[INFORMATION SUPPLIED]:
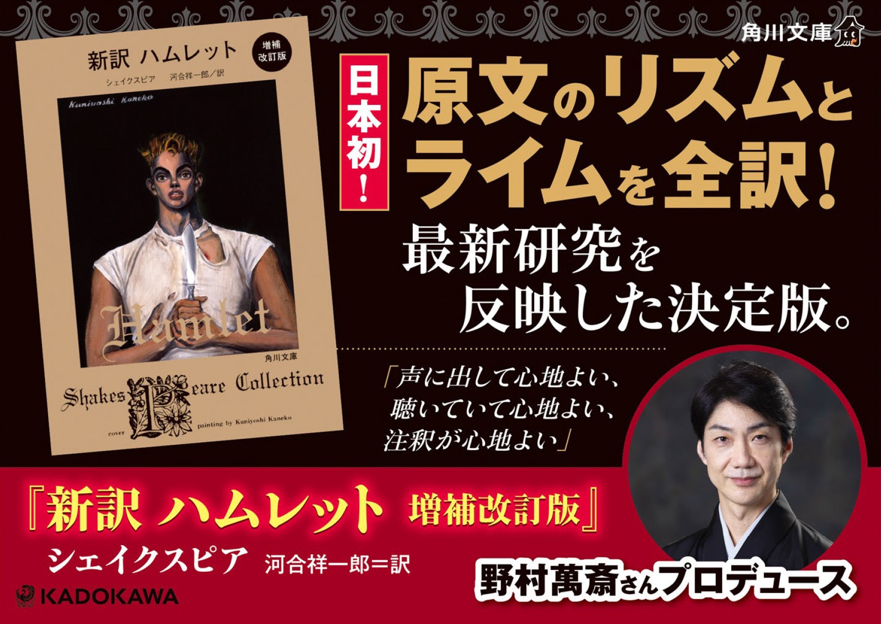 株式会社KADOKAWA(本社:東京都千代田区、 代表取締役社長:夏野剛)は、 2024年9月24日(火)に、『新訳 ハムレット 増補改訂版』(シェイクスピア 河合祥一郎=訳 角川文庫)を発売します。
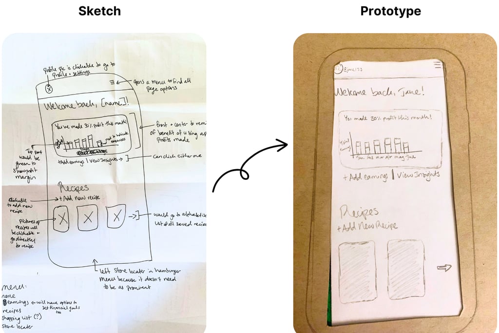 For the home screen, I wanted to highlight two key components: profits and recipes.
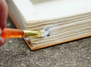 - Dùng bút lông quết đều keo sữa vào cả phía ngoài và phần trổ thủng bên trong để cố định các trang sách với nhau nhé!
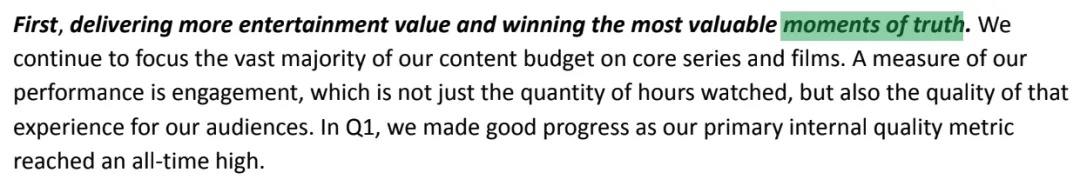 Netflix 给这个战略起了一个名字,写在股东信的第一节标题里:Moments of Truth。
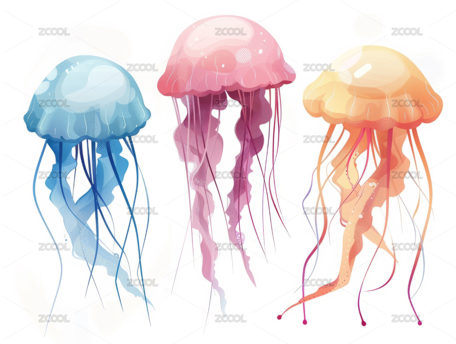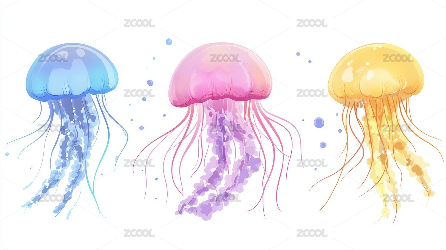 三种色彩斑斓的水母插画
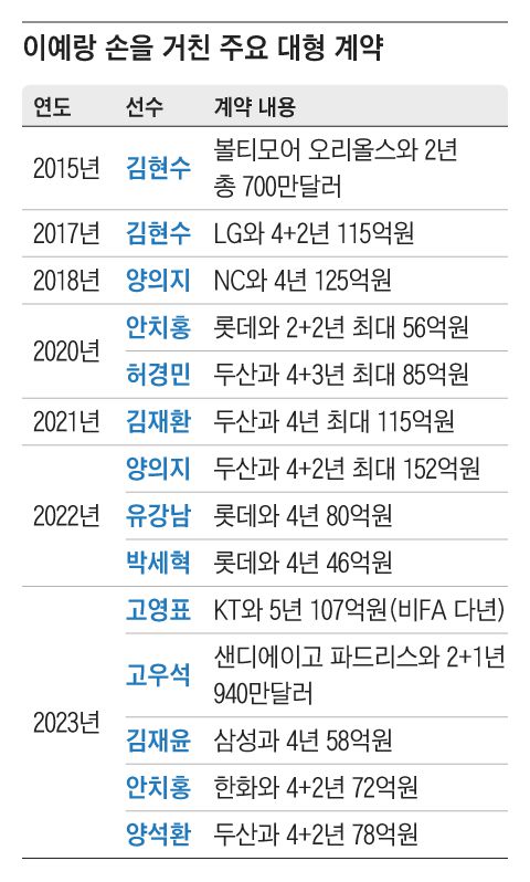 국내 선수들이 꿈의 무대 메이저리그에 도전할 때나 그 동안 땀 흘린 선수들이 그 대가로 대박 계약을 터뜨릴 때마다 어김 없이 등장하는 사람이 있다. 리코에이전시의 이예랑(44) 대표다. 그는 2023시즌 후 김재윤(34·삼성) 안치홍(34·한화) 양석환(33·두산) 임찬규(32·LG) 고우석(26·샌디에이고 파드리스) 고영표(33·KT)의 대형계약을 잇달아 성사시키며 올 스토브리그를 뜨겁게 달궜다. 그가 올 겨울 성사시킨 계약 총액 규모만 해도 약 500억원에 이른다. 서울 강남구 사무실에서 만났던 지난 23일, 마침 고영표의 비(非) 다년 100억원대 계약 소식이 들려왔다.

[WHAT YOU ARE ASKED TO DO]: Restate the preceding entries in full, word for word, with the pictures removed.

[SOLUTION FOR THIS TASK]:
 株式会社KADOKAWA(本社:東京都千代田区、 代表取締役社長:夏野剛)は、 2024年9月24日(火)に、『新訳 ハムレット 増補改訂版』(シェイクスピア 河合祥一郎=訳 角川文庫)を発売します。
 For the home screen, I wanted to highlight two key components: profits and recipes.
 - Dùng bút lông quết đều keo sữa vào cả phía ngoài và phần trổ thủng bên trong để cố định các trang sách với nhau nhé!
 Netflix 给这个战略起了一个名字,写在股东信的第一节标题里:Moments of Truth。
 三种色彩斑斓的水母插画
 국내 선수들이 꿈의 무대 메이저리그에 도전할 때나 그 동안 땀 흘린 선수들이 그 대가로 대박 계약을 터뜨릴 때마다 어김 없이 등장하는 사람이 있다. 리코에이전시의 이예랑(44) 대표다. 그는 2023시즌 후 김재윤(34·삼성) 안치홍(34·한화) 양석환(33·두산) 임찬규(32·LG) 고우석(26·샌디에이고 파드리스) 고영표(33·KT)의 대형계약을 잇달아 성사시키며 올 스토브리그를 뜨겁게 달궜다. 그가 올 겨울 성사시킨 계약 총액 규모만 해도 약 500억원에 이른다. 서울 강남구 사무실에서 만났던 지난 23일, 마침 고영표의 비(非) 다년 100억원대 계약 소식이 들려왔다.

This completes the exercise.